* **REQUIRED ACTION**:
In the entries below, find the line with "У нас будет кухня-гостинная и две спальни." and the line with "1本で2種類の香りを楽しむこ". Return those two lines and all lines between them, exactly.
BEGIN DATA SUPPLIED
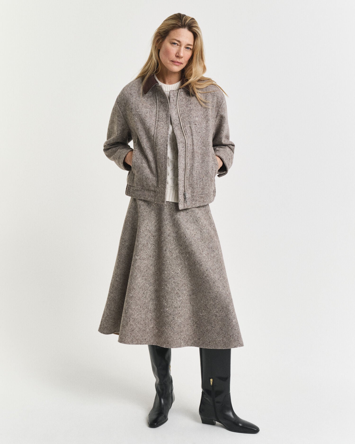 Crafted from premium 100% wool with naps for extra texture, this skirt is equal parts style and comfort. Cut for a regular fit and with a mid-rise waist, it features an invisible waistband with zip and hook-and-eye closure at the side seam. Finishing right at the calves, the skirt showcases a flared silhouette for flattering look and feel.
END DATA SUPPLIED
BEGIN DATA SUPPLIED
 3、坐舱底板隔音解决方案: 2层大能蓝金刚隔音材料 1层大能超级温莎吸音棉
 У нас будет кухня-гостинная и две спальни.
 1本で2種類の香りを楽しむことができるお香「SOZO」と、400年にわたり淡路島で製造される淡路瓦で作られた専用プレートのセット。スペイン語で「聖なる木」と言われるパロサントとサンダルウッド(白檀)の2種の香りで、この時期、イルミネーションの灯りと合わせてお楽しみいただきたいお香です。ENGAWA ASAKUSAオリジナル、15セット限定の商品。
END DATA SUPPLIED
BEGIN DATA SUPPLIED
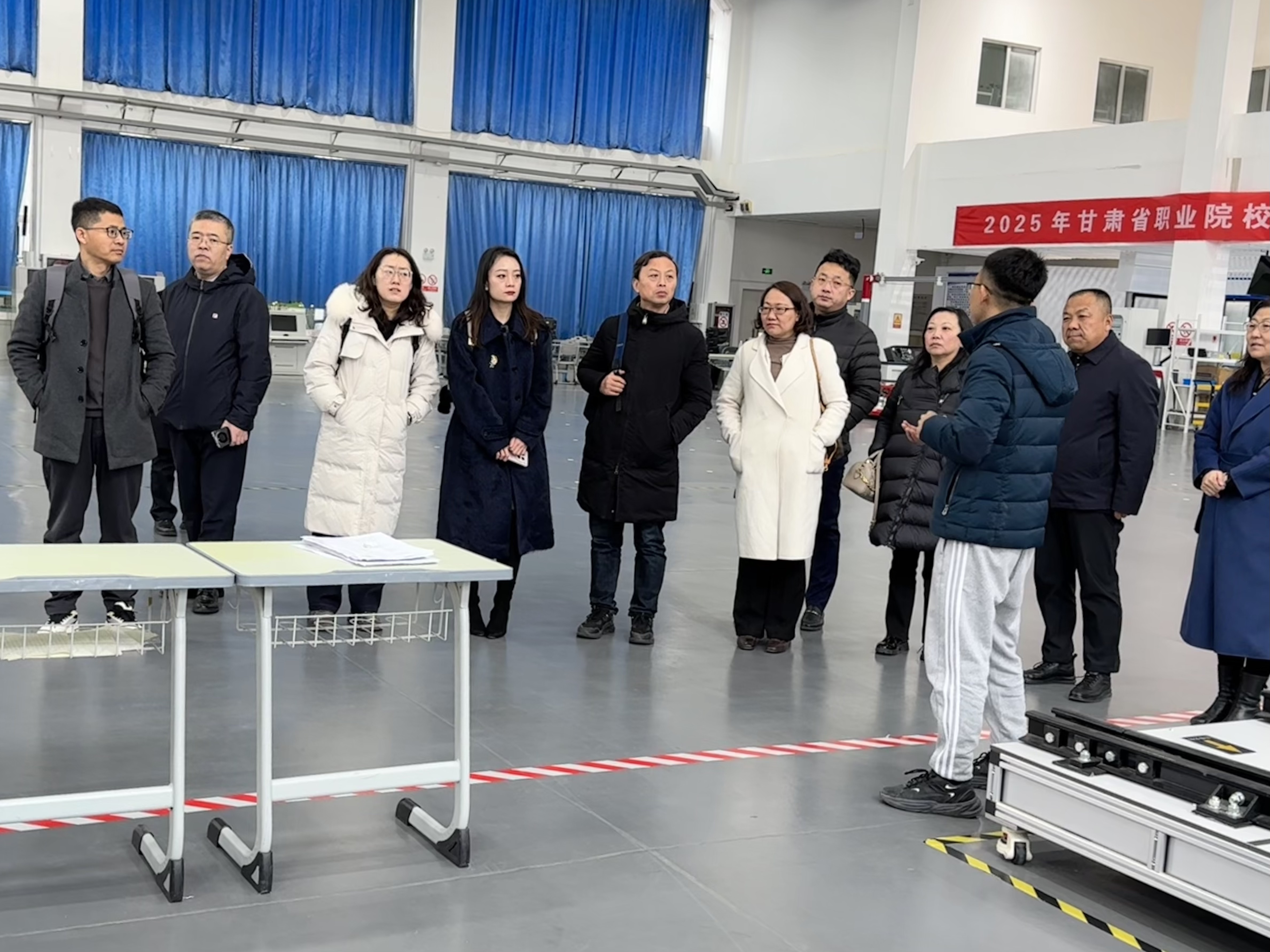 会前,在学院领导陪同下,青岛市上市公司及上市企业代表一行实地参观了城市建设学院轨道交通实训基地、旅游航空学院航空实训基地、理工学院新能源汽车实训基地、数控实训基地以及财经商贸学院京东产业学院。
END DATA SUPPLIED
* **WRITTEN RESPONSE**:
 У нас будет кухня-гостинная и две спальни.
 1本で2種類の香りを楽しむことができるお香「SOZO」と、400年にわたり淡路島で製造される淡路瓦で作られた専用プレートのセット。スペイン語で「聖なる木」と言われるパロサントとサンダルウッド(白檀)の2種の香りで、この時期、イルミネーションの灯りと合わせてお楽しみいただきたいお香です。ENGAWA ASAKUSAオリジナル、15セット限定の商品。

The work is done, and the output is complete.